Always get to know your data before even thinking about Machine Learning. This section shows a few ways that we can get to know Paavo dataset a bit better. Possibilities are endless. For some models, you should also check that assumptions the model makes about data distribution are true.

### 2.1 Read the data into dataframe

Read the zip code dataset into a geopandas dataframe `original_gdf`:

In [None]:
# defining the encoding makes sure that characters are represented as intended, important especially with languages that have "special characters" 
original_gdf = gpd.read_file(zip_code_shapefile, encoding='utf-8')


### 2.2 Exploring the dataframe


In [None]:
# dataframe columns and rows
print(f"Original dataframe size: {len(original_gdf.index)} rows (= zip codes) with {len(original_gdf.columns)} columns (=variables/features)")
# column names
print(list(original_gdf.columns))
# column data types
# check for nodata
# check for insensible cells 
original_gdf[original_gdf["hr_mtu"]<=0]

### 2.3 Visualization

Another way of data exploration is visualizing different features of your dataset in different ways to reveal phenonemons that might not be visible when looking at numbers only.

#### 2.3.1 Histogram

In this exercise, we are interested in the income per capita. So let's check out the distribution of that target feature by plotting a histogram with (geo)pandas inbuilt histogram plotting functionality.


In [None]:
#simplified quick histogram plot of target feature
original_gdf.plot.hist(column=['hr_mtu'])

#or distribution plot
#plt.figure(figsize=(15,10))
#sns.distplot(original_gdf['hr_mtu'],color="y")

#### 2.3.2 Map
As we are working with spatial data, we can also plot a map of the target feature to explore its spatial distribution.

If plotting maps with matplotlib is not familiar. Here are some things you can play with
* **figsize** - different height, width
* **column** - try other features
* **cmap** - this is the color map, here are the possibile options https://matplotlib.org/3.3.1/tutorials/colors/colormaps.html

The following plots are only for quick visualization, to include these plots in publications, more features would need to be taken care of ( such as axes and their labels, north arrow, colorblind and print friendly color palette,...)

In [None]:
# check reference frame
print(original_gdf.crs)

fig, ax = plt.subplots(figsize=(20, 10))
# set title for the full plot
ax.set_title("Average income by zip code", fontsize=25)
# turn off all axes
ax.set_axis_off()
# plot the average income
plot = original_gdf.plot(column='hr_mtu', ax=ax, legend=True, cmap="magma")
# set colorbar label
cax = fig.get_axes()[1]
cax.set_ylabel('Income in €');


#### 2.3.3 Regression plots

We can also explore, how the different features are related to another by plotting them "against each other" by plotting some regression plots, i.e. scatter plots with a "best fitting" regression line. 

In [None]:
variables = ['euref_x', 'euref_y', 'he_vakiy','he_3_6']

for var in variables:
    plt.figure() # Creating a rectangle (figure) for each plot
    # Regression Plot also by default includes best-fitting regression line which can be turned off via `fit_reg=False`
    sns.regplot(x=var, y='hr_mtu', data=original_gdf).set(title=f'Regression plot of {var} and average income');

## 3. Feature selection

We have a lot of features available. 
It usually make sens to check for empty rows and columns as well as empty single cells and either remove them from the dataset or, if domain knowledge allows, fill them with sensible values. Note that this might have significant impact on the results. So fill with care, and if unsure, rather remove.


In [None]:

### Drop all rows that have missing values or where average income is -1 (=not known) or 0
original_gdf = original_gdf.dropna()    
original_gdf = original_gdf[original_gdf["hr_mtu"]>0].reset_index(drop=True)
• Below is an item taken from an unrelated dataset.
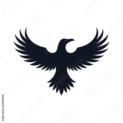 Elegant Black Raven Silhouette with Spread Wings, Minimalist Vector Illustration on White Background

print(f"Dataframe size after dropping no data rows: {len(original_gdf.index)} zip codes with {len(original_gdf.columns)} columns")

### Remove some columns that are strings (namn, kunta = name of the municipality in Finnish and Swedish.)
### or which might make the modeling too easy ('hr_mtu','hr_tuy','hr_pi_tul','hr_ke_tul','hr_hy_tul','hr_ovy')
columns_to_be_removed_completely = ['namn','kunta','hr_ktu','hr_tuy','hr_pi_tul','hr_ke_tul','hr_hy_tul','hr_ovy']
original_gdf = original_gdf.drop(columns_to_be_removed_completely,axis=1)

print(f"Dataframe size after dropping columns with string values and columns that make modeling too easy : {len(original_gdf.index)} zip codes with {len(original_gdf.columns)} columns")

## 4. Feature engineering

The location of the zip code area does not directly influence the average per capita income. However, we know (=domain knowledge) that people with higher income can afford to live in cities and near the coast or some other water body. So let's engineer some features that represent these factors:

* distance to closest city center
* number of lakes in the area
* distance to closest national park

Be creative! Check out what other datasets you have available that could help you!


In [None]:

# distance to closest city center (?)
# number of lakes in the area (SYKE water areas)
# distance to closest national park (SYKE luonnonsuejelualue)
 

## 5. Feature encoding

* Most Machine Learning algorithms cannot handle categorical features per se, they have to be converted to numerical values
* Categorical features can be binary (True/False, 1/0), ordinal (low,medium,high) or nominal (monkey, donkey, tiger, penguin)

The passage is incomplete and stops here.